Directions for this task: Could you print exactly the lines from the one that contains "a ricetta proposta" to the end of the data, both ends included, and nothing else? Skip the pictures.
---- Data block
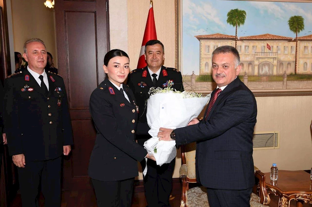 Jandarma Teşkilatının 183’üncü kuruluş yıl dönümü kutlama etkinlikleri kapsamında, Antalya Valisi Ersin Yazıcı, İl Jandarma Komutanı Tuğgeneral Yavuz Özfidan ve beraberindeki heyeti makamında kabul etti. Vali Yazıcı ziyarette “Jandarma Teşkilatımız 183 yıldır milletimizin huzuru ve bekası için fedakârca hizmet etmeye devam ediyor.” dedi.
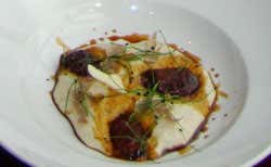 a ricetta proposta dallo chef Martin Obermarzoner Spuma di patate al tartufo con panna acida e guanciale di maialino confit
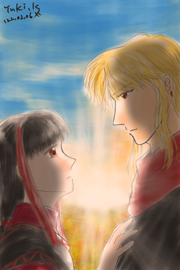 諦めて、腰に結んだ巾着の中にしまう。すると、結迦が不意に彼の金の髪に手をかけ、その背に流した。突然のことに身をこわばらせて反応できずにいるうちに、彼女は後ろに回って、手にしていた紐で、彼の髪を括った。
--------
Expected output:
 a ricetta proposta dallo chef Martin Obermarzoner Spuma di patate al tartufo con panna acida e guanciale di maialino confit
 諦めて、腰に結んだ巾着の中にしまう。すると、結迦が不意に彼の金の髪に手をかけ、その背に流した。突然のことに身をこわばらせて反応できずにいるうちに、彼女は後ろに回って、手にしていた紐で、彼の髪を括った。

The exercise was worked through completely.